_Data_

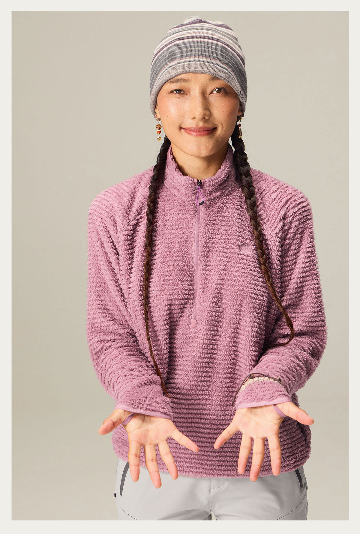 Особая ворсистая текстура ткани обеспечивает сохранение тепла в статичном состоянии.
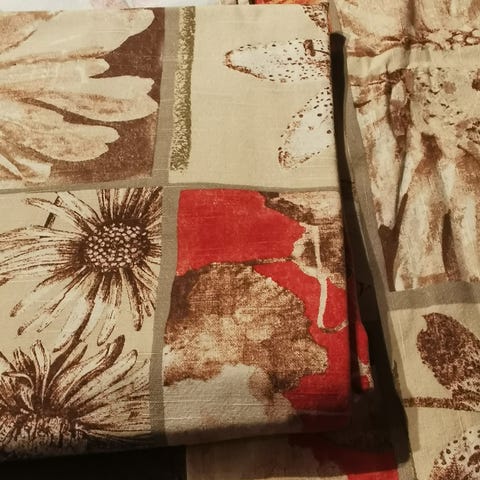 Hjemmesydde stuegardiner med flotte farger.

==

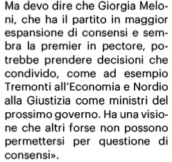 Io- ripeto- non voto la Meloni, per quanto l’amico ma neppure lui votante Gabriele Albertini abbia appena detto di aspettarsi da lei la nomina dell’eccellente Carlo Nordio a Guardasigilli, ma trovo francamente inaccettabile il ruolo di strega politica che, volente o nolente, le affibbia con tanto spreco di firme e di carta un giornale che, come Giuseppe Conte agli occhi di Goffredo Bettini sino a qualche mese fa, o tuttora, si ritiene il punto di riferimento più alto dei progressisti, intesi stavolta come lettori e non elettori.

_Exercise prompt_
With pictures excluded, reproduce exactly the lines above from the one containing "Особая ворсистая текстура" down to the one containing "Hjemmesydde stuegardiner med flotte farger.", those two included.

_Problem solution_
 Особая ворсистая текстура ткани обеспечивает сохранение тепла в статичном состоянии.
 Hjemmesydde stuegardiner med flotte farger.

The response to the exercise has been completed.